DATA TO EXAMINE -

⟨

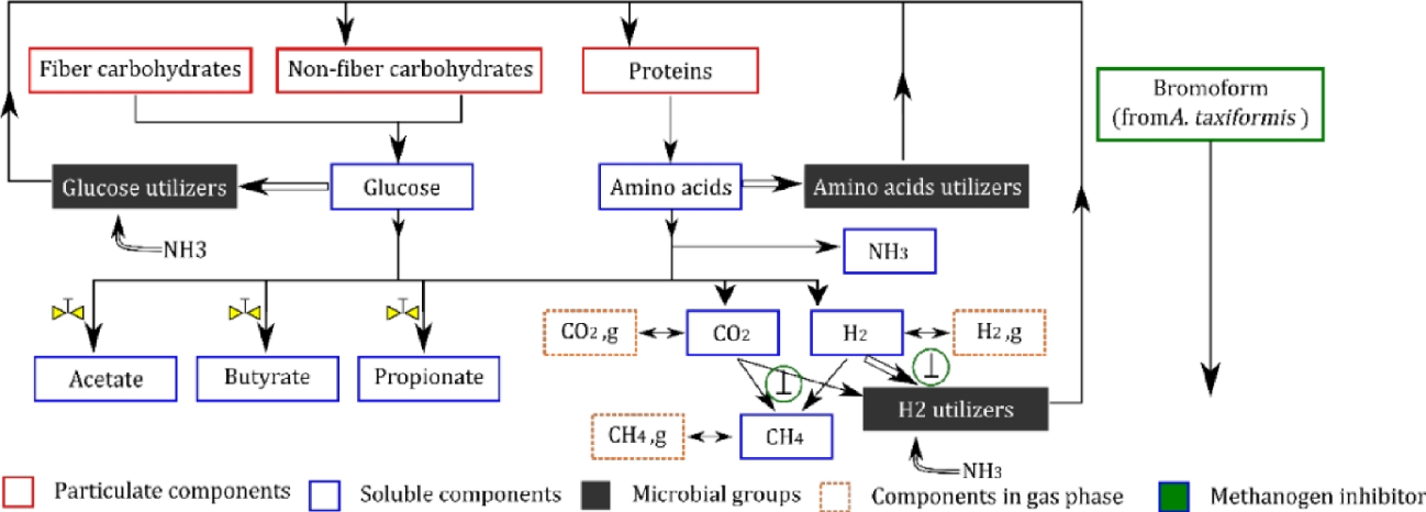 Figure 3 - Representation of the in vitro rumen fermentation from Muñoz-Tamayo et al., (2021) model. This conceptual representation is based on biochemical assumptions described in Muñoz-Tamayo et al. (2016; 2021). The main assumptions are: 1) three polymer components are considered in the rumen: fiber carbohydrates, non-fiber carbohydrates and proteins, 2) hydrolysis of polymer components releases glucose (for fibers and non-fibers) and amino acids (for proteins), constituting two of the three soluble limiting substrates available in the rumen. The last soluble limiting substrate available is hydrogen, 3) the rumen microbiota is represented by three microbial functional groups (glucose utilizers, amino acids utilizers and hydrogen utilizers) determined by the microbial utilization of the three soluble limiting substrates in the fermentation pathway, 4) the utilization of the soluble substrates by biological pathways is done towards two mechanisms: product formation (single arrows) and microbial growth (double arrows), 5) acetate, propionate and butyrate are the only volatile fatty acids produced from the fermentation and 6) methane, carbon dioxide and hydrogen are the gas outputs of the fermentation. The inclusion of bromoform as the inhibitor compound of AT impacted the fermentation via two mechanisms. First, the bromoform has a direct inhibition of the growth rate of methanogens, resulting in a CH4 production reduction and hydrogen accumulation (represented by ). Second, the bromoform affects indirectly, through the hydrogen accumulation, the flux allocation towards VFA production, as hydrogen exerts control on this component (Mosey, 1983) (represented by ).
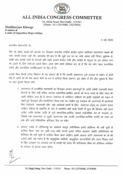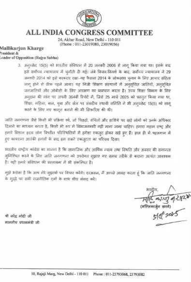Congress President Mallikarjun Kharge writes to PM Modi, suggesting three points to be considered regarding the caste census.
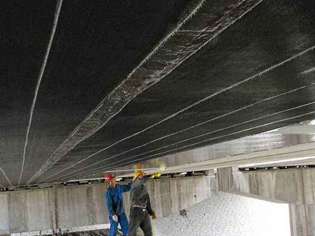 碳纖維是以聚丙烯腈或者中間相瀝青纖維為原料經(jīng)過高溫碳化制成。用于混凝土結(jié)構(gòu)補強的碳纖維種類較多,可以按不同的分類方法進行劃分。按形狀分類,可分為:片材(包括布狀和板狀);棒材;型材;短纖維。按力學(xué)性能可以分為:高模量纖維;高強度纖維和中等彈性模量纖維。在結(jié)構(gòu)補強過程中,碳纖維中的布狀材料和棒材都運用較多。碳纖維布的基本力學(xué)性能可以通過實驗確定,目前有許多檢測方法,尚未形成統(tǒng)一的測試標(biāo)準。但總的將來,碳纖維布和碳纖維棒材有較高的拉抻強度,一般大于1800MPa;彈性模量較大,一般略大于鋼材的彈性模量,大于220GPa,一般在300GPa-640GPa之間。延伸率較小,不大于2%。其中碳纖維棒材的強度稍小于碳纖維布,而彈性模量則稍大。在結(jié)構(gòu)補強中,需要把碳纖維布和碳纖維棒材用有一定強度的粘結(jié)膠粘貼到混凝土上,使其和混凝土共同工作,以達到補強的目的。
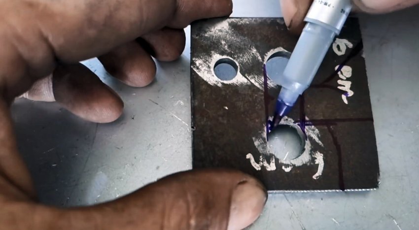 В малое сквозное отверстие вставляем стальной стержень со стороны полки уголка и заподлицо с поверхностью пластины. Выступающий из уголка стержень срезаем и привариваем остаток к полке уголка снаружи и зашлифовываем место сварки.
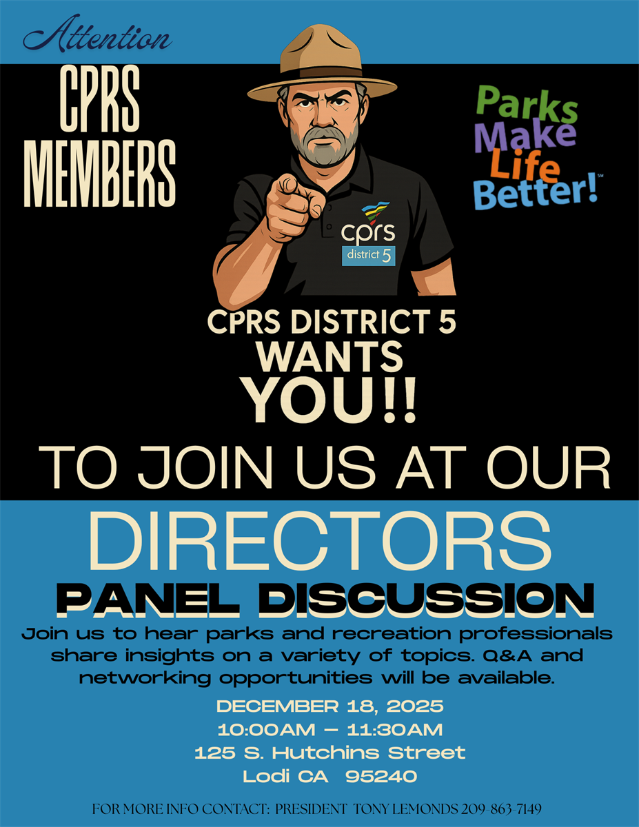 Join us on December 18th for an exciting panel discussion! Listen to four Parks & Recreation Directors from around the Central Valley, speak about their career path, experience in the field of Parks & Recreation and advice on how to grow within our field! This event is free to attend. We hope to see you there!

⟩

EXERCISE GOAL - The answer must restate every entry word for word, with the pictures left out.

REPLY -
 Figure 3 - Representation of the in vitro rumen fermentation from Muñoz-Tamayo et al., (2021) model. This conceptual representation is based on biochemical assumptions described in Muñoz-Tamayo et al. (2016; 2021). The main assumptions are: 1) three polymer components are considered in the rumen: fiber carbohydrates, non-fiber carbohydrates and proteins, 2) hydrolysis of polymer components releases glucose (for fibers and non-fibers) and amino acids (for proteins), constituting two of the three soluble limiting substrates available in the rumen. The last soluble limiting substrate available is hydrogen, 3) the rumen microbiota is represented by three microbial functional groups (glucose utilizers, amino acids utilizers and hydrogen utilizers) determined by the microbial utilization of the three soluble limiting substrates in the fermentation pathway, 4) the utilization of the soluble substrates by biological pathways is done towards two mechanisms: product formation (single arrows) and microbial growth (double arrows), 5) acetate, propionate and butyrate are the only volatile fatty acids produced from the fermentation and 6) methane, carbon dioxide and hydrogen are the gas outputs of the fermentation. The inclusion of bromoform as the inhibitor compound of AT impacted the fermentation via two mechanisms. First, the bromoform has a direct inhibition of the growth rate of methanogens, resulting in a CH4 production reduction and hydrogen accumulation (represented by ). Second, the bromoform affects indirectly, through the hydrogen accumulation, the flux allocation towards VFA production, as hydrogen exerts control on this component (Mosey, 1983) (represented by ).
Congress President Mallikarjun Kharge writes to PM Modi, suggesting three points to be considered regarding the caste census.
 碳纖維是以聚丙烯腈或者中間相瀝青纖維為原料經(jīng)過高溫碳化制成。用于混凝土結(jié)構(gòu)補強的碳纖維種類較多,可以按不同的分類方法進行劃分。按形狀分類,可分為:片材(包括布狀和板狀);棒材;型材;短纖維。按力學(xué)性能可以分為:高模量纖維;高強度纖維和中等彈性模量纖維。在結(jié)構(gòu)補強過程中,碳纖維中的布狀材料和棒材都運用較多。碳纖維布的基本力學(xué)性能可以通過實驗確定,目前有許多檢測方法,尚未形成統(tǒng)一的測試標(biāo)準。但總的將來,碳纖維布和碳纖維棒材有較高的拉抻強度,一般大于1800MPa;彈性模量較大,一般略大于鋼材的彈性模量,大于220GPa,一般在300GPa-640GPa之間。延伸率較小,不大于2%。其中碳纖維棒材的強度稍小于碳纖維布,而彈性模量則稍大。在結(jié)構(gòu)補強中,需要把碳纖維布和碳纖維棒材用有一定強度的粘結(jié)膠粘貼到混凝土上,使其和混凝土共同工作,以達到補強的目的。
 В малое сквозное отверстие вставляем стальной стержень со стороны полки уголка и заподлицо с поверхностью пластины. Выступающий из уголка стержень срезаем и привариваем остаток к полке уголка снаружи и зашлифовываем место сварки.
 Join us on December 18th for an exciting panel discussion! Listen to four Parks & Recreation Directors from around the Central Valley, speak about their career path, experience in the field of Parks & Recreation and advice on how to grow within our field! This event is free to attend. We hope to see you there!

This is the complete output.